There is a exception to the rule. When defining new feature types whcih uses SO terms, the class name should be all caps For eg. When creating a new feature of type sequence_variant. The class name would be

  Modware::Feature::SEQUENCE_VARIANT;

Compile test

All classes should compile cleanly without warnings.

perl -w -e "use New::Class;"

should result in no warnings.

Named arguments

Writing a constructor (or method) with named arguments

We have implemented the _rearrange method from bioperl which allows for case insensitive. Passing an array ref of argument names returns an array of values from the object that can be assigned to variables with code similar to the following:

    my ( $genotype_id, $name, $description, $mutant_type_id ) =
      $self->_rearrange( [qw( GENOTYPE_ID NAME DESCRIPTION MUTANT_TYPE_ID)],
        @args );

Calling a function with named arguments

Although we have case insensitive argument passing (when the _rearrange method is used), argument names should be lower case for code consistency:

my $genotype = new dicty::Genetics::Genotype(
    -name           => "Fake Strain",
    -description    => "This is a null mutant",
    -mutant_type_id => 500
);


Code formatting

Refer to 'Perl Best Practices' The things that we have read and understood and will implement are:

  • Use PerlTidy. There is a common .perltidyrc that is distributed and you should use. PerlTidy should be linked into your text editor so it can be run OFTEN AND EASILY. This will automatically set whitespace and line break conventions.
  • Code Chunking. Read this section in 'Perl Best Practices'. Adopt this habit and use it always.
  • Whitespace: No tabs, only spaces. If you use PerlTidy, this will all be taken care of for you.
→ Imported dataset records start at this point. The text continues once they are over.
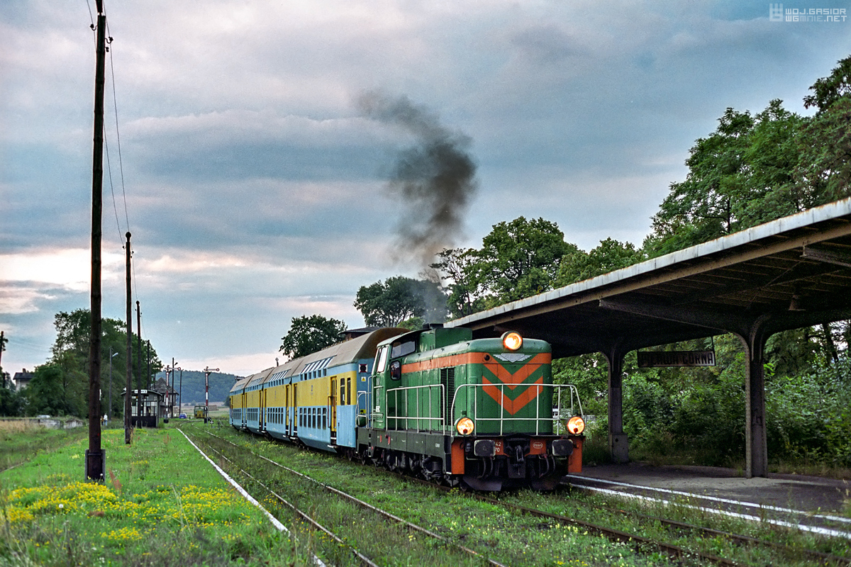 SM42-070 daje czadu ruszając z Piławy Górnej z mocno popołudniowym pociągiem 44025 z Kamieńca Ząbk. do Jaworzyny Śl. 26.08.2006
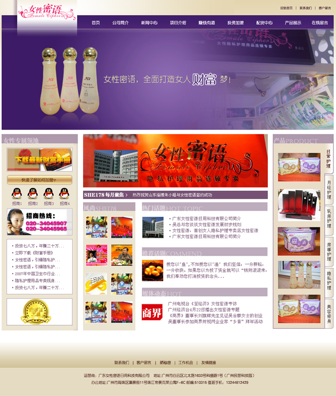 項目名稱:廣東女性密語日用科技有限公司網站改版簽定日期:2009年9月7日舊版網址:www.she178.com廣東女性密語日用科技有限公司是一家大型的集日用科技開發銷售于一體的民營高科技企業。公司擁有十余年的女性日用健康產品的研究與生產經
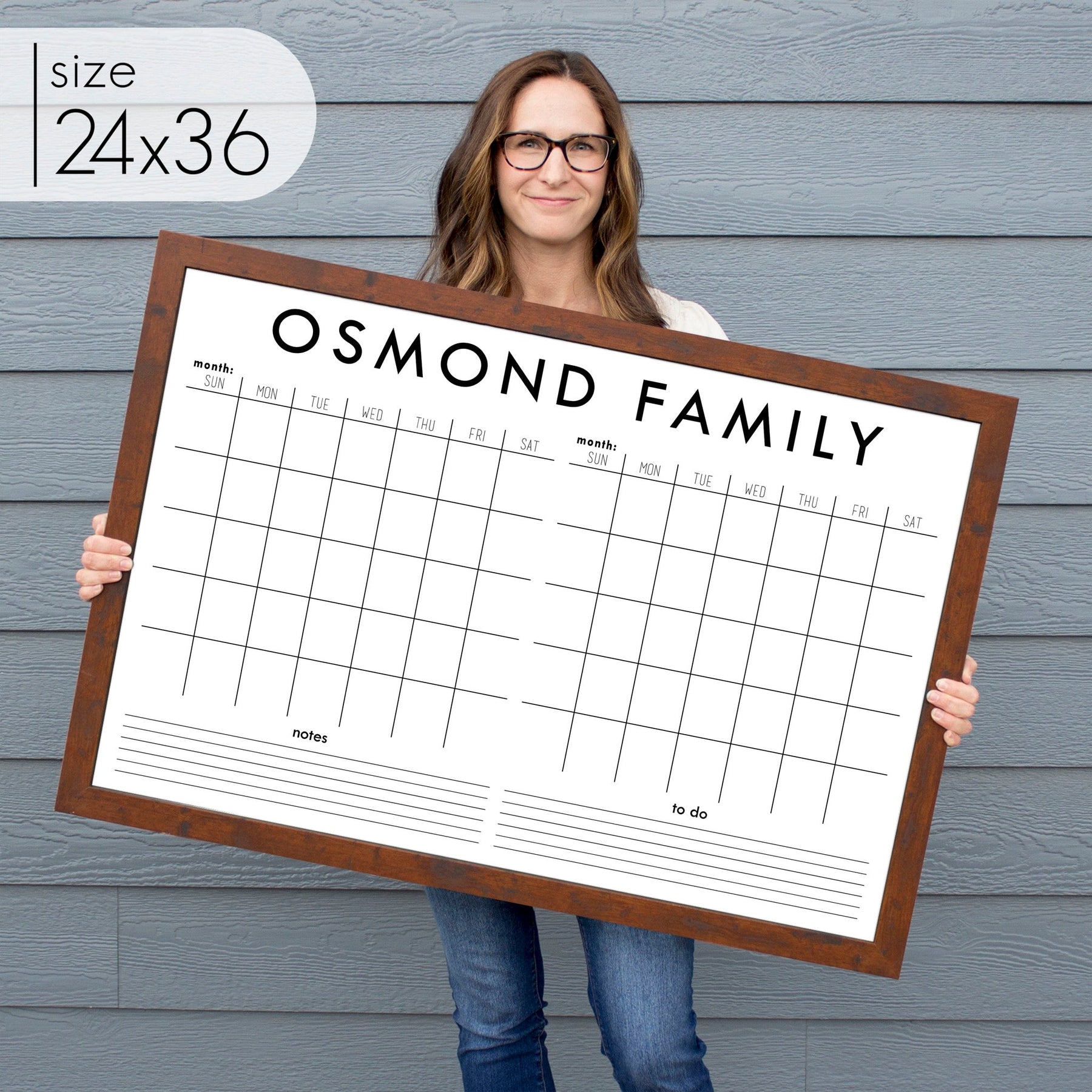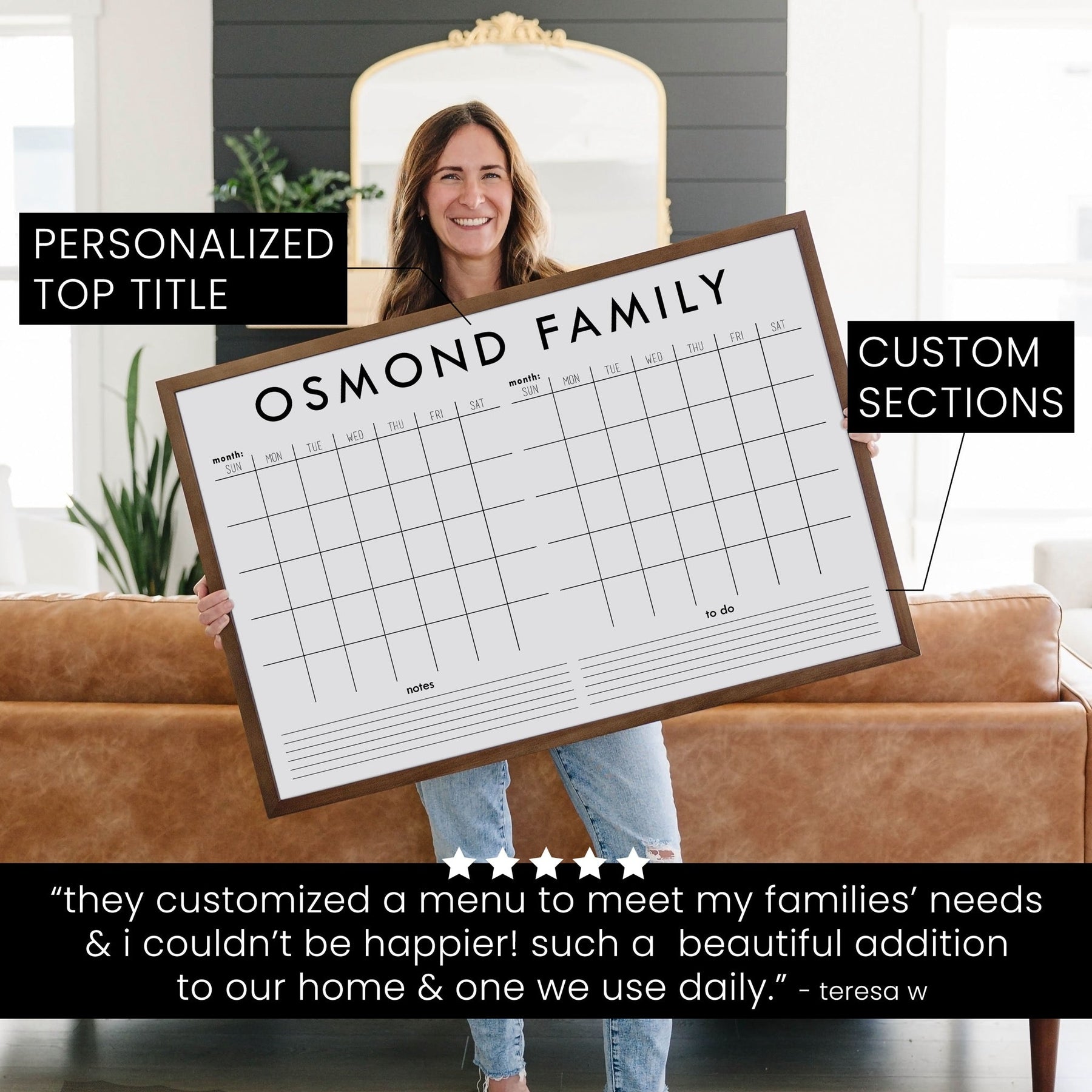2 Month Framed Whiteboard Calendar + 2 sections | Horizontal Madi

These two techniques alone will make our code more uniform and easy to follow.

Method/Function/Variable names

We favor function names with words separated by underscores:

# in Modware we do NOT LIKE camelCasing:
$someObject->someMethod(); # bad 
$SomeObject->SomeMethod(); # bad 

# but we favor this
$some_object->some_method(); # good

Documentation

We will use (Plain Old Documentation) POD style documentation. The Benefits of documenting the code with POD is that we can generate HTML pages displaying our object interface similar to the way the BioPerl project does. By following the guidelines on this page, we will have a consistently documented code base which makes efficient code sharing possible.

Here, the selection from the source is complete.